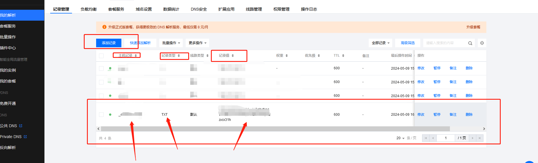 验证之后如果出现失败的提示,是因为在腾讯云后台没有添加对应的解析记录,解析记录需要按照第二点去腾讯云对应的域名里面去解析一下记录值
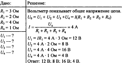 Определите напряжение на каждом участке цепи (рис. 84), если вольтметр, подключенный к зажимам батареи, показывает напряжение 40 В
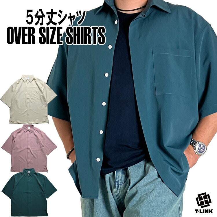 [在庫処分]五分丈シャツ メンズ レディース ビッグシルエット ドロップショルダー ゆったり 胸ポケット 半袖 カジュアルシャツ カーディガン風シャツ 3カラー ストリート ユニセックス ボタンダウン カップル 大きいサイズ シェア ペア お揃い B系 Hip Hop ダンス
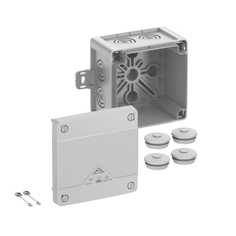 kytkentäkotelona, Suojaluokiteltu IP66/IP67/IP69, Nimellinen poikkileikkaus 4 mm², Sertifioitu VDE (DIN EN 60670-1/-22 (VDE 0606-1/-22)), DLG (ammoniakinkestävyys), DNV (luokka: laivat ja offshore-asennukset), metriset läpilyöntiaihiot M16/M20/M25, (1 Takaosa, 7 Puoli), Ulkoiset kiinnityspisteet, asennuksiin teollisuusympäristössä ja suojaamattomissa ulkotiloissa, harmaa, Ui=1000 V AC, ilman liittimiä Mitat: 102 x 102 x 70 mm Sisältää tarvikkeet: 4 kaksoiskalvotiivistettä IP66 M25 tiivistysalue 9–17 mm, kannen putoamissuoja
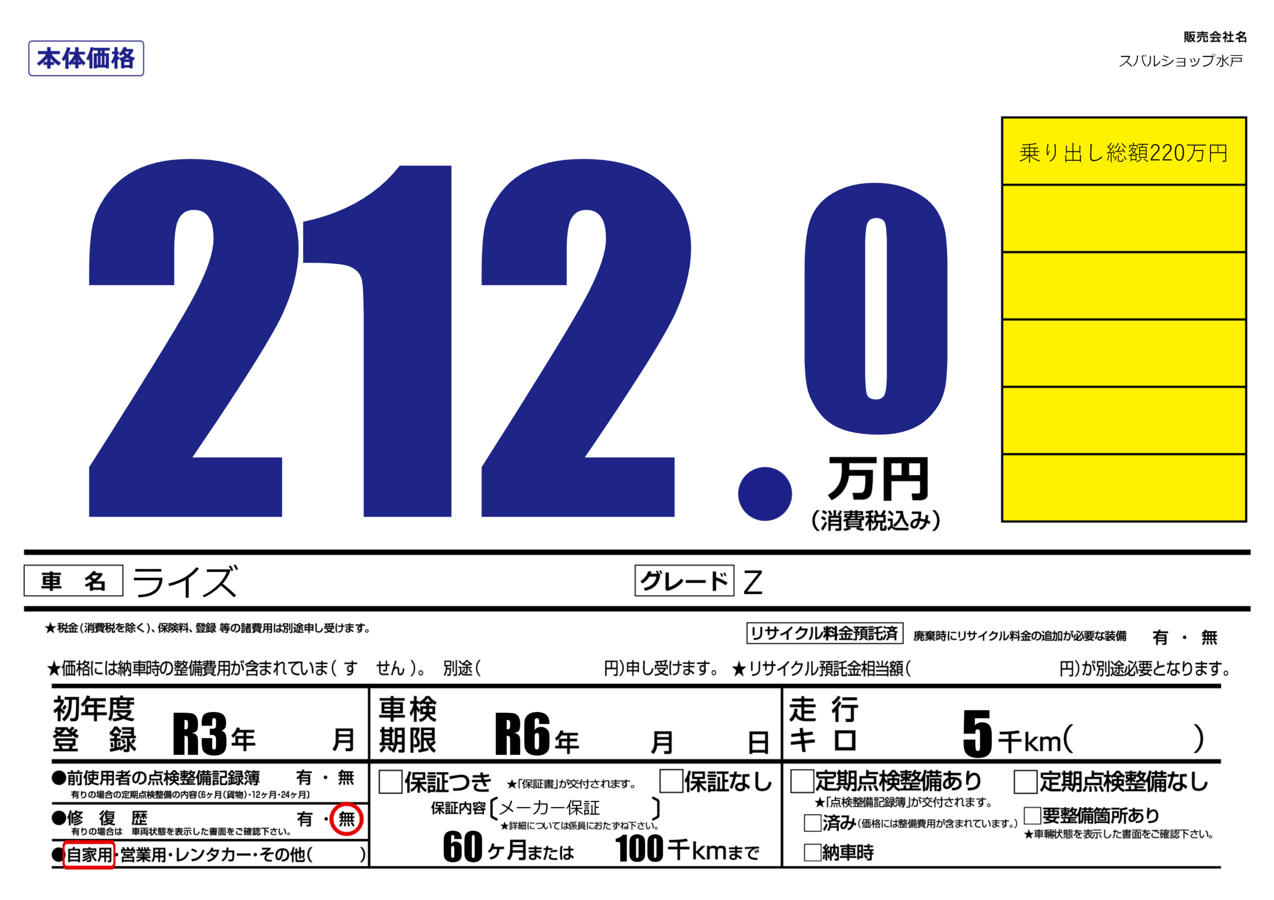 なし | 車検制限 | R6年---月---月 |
--
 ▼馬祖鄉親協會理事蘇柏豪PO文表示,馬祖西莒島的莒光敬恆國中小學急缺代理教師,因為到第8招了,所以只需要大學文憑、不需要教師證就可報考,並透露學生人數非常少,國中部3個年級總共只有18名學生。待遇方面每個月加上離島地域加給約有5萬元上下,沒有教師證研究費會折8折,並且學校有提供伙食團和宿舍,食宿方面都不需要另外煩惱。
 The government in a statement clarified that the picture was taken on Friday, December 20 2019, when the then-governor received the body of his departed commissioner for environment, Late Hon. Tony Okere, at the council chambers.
* * *
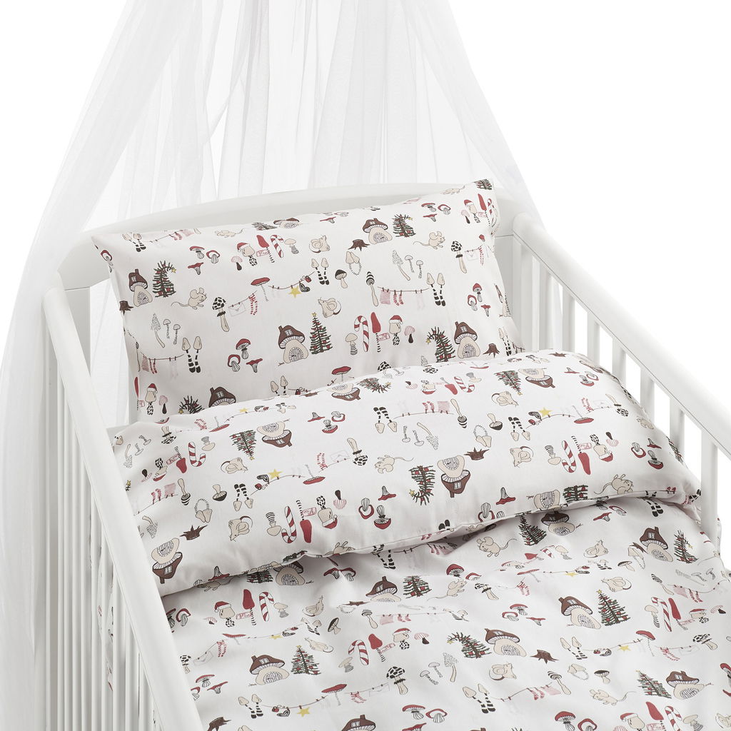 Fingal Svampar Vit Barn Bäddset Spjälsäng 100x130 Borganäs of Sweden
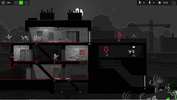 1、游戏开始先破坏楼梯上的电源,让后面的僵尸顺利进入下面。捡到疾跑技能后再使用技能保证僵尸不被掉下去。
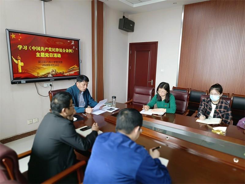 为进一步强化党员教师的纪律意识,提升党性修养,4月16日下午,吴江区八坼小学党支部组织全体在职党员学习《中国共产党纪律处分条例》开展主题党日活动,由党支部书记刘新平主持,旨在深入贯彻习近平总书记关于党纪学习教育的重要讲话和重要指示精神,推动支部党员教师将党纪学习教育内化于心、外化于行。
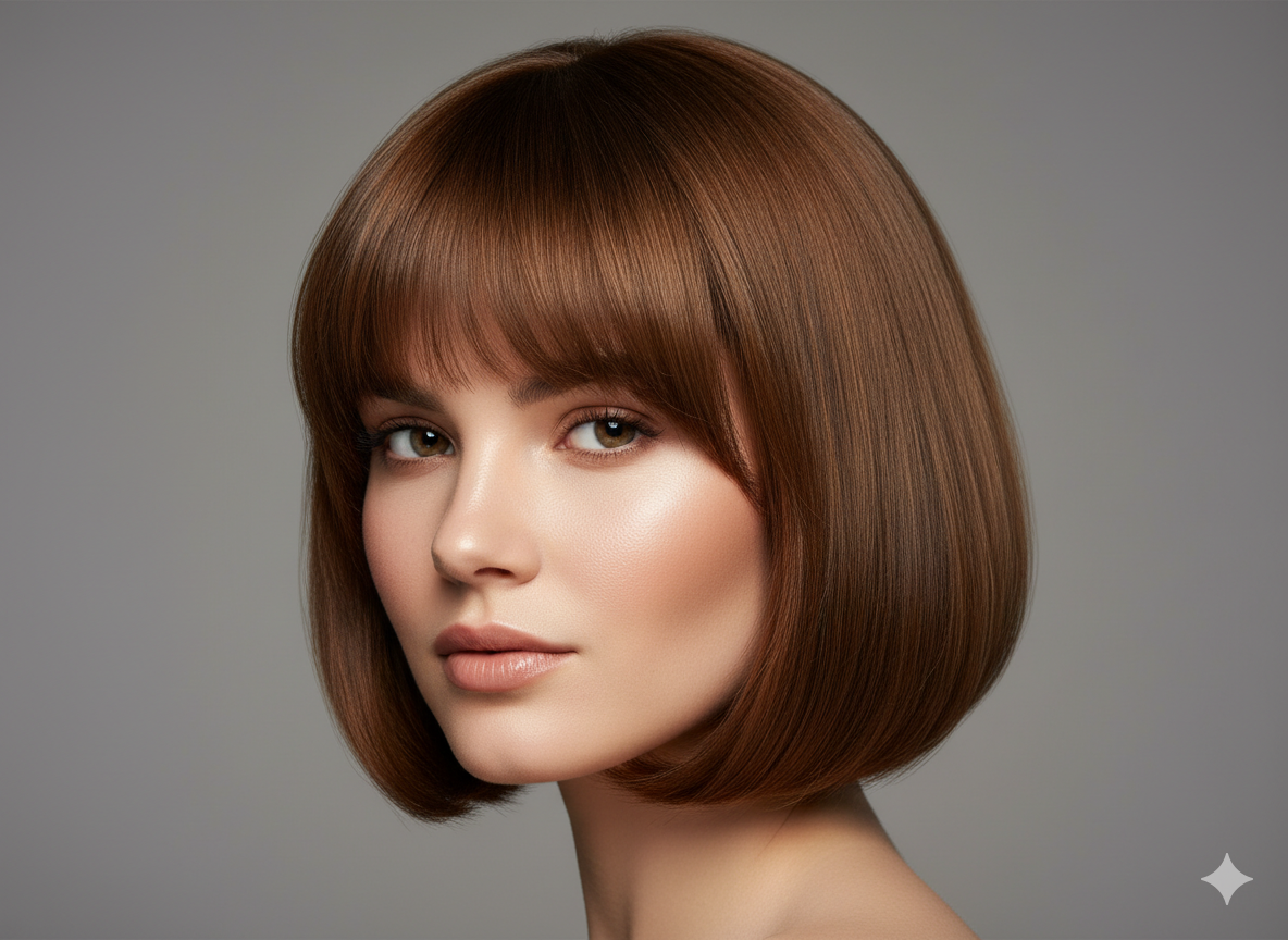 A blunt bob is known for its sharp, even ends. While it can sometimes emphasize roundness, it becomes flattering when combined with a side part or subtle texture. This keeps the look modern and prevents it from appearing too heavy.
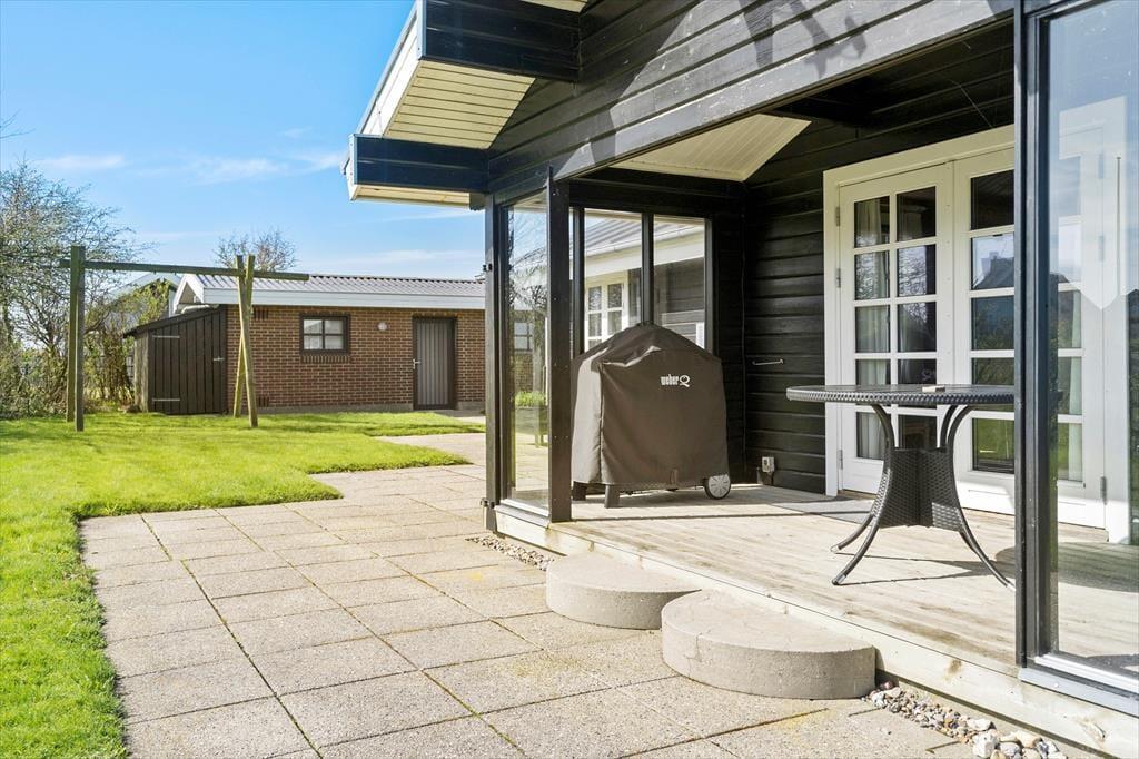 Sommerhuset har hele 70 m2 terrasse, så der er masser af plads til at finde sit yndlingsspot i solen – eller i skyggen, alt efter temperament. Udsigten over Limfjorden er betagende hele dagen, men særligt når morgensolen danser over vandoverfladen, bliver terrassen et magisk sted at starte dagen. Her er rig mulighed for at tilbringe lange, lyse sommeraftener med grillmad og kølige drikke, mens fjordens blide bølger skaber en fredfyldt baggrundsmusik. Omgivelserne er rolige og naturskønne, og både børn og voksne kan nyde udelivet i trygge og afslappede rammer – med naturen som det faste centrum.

**WHAT YOU HAVE TO DO**
For the material above, give again only the lines starting at the line that contains "为进一步强化党员教师的纪律意" and ending at the line that contains "A blunt bob". Pictures do not belong in the copy.

**RESPONSE TO THE EXERCISE**
 为进一步强化党员教师的纪律意识,提升党性修养,4月16日下午,吴江区八坼小学党支部组织全体在职党员学习《中国共产党纪律处分条例》开展主题党日活动,由党支部书记刘新平主持,旨在深入贯彻习近平总书记关于党纪学习教育的重要讲话和重要指示精神,推动支部党员教师将党纪学习教育内化于心、外化于行。
 A blunt bob is known for its sharp, even ends. While it can sometimes emphasize roundness, it becomes flattering when combined with a side part or subtle texture. This keeps the look modern and prevents it from appearing too heavy.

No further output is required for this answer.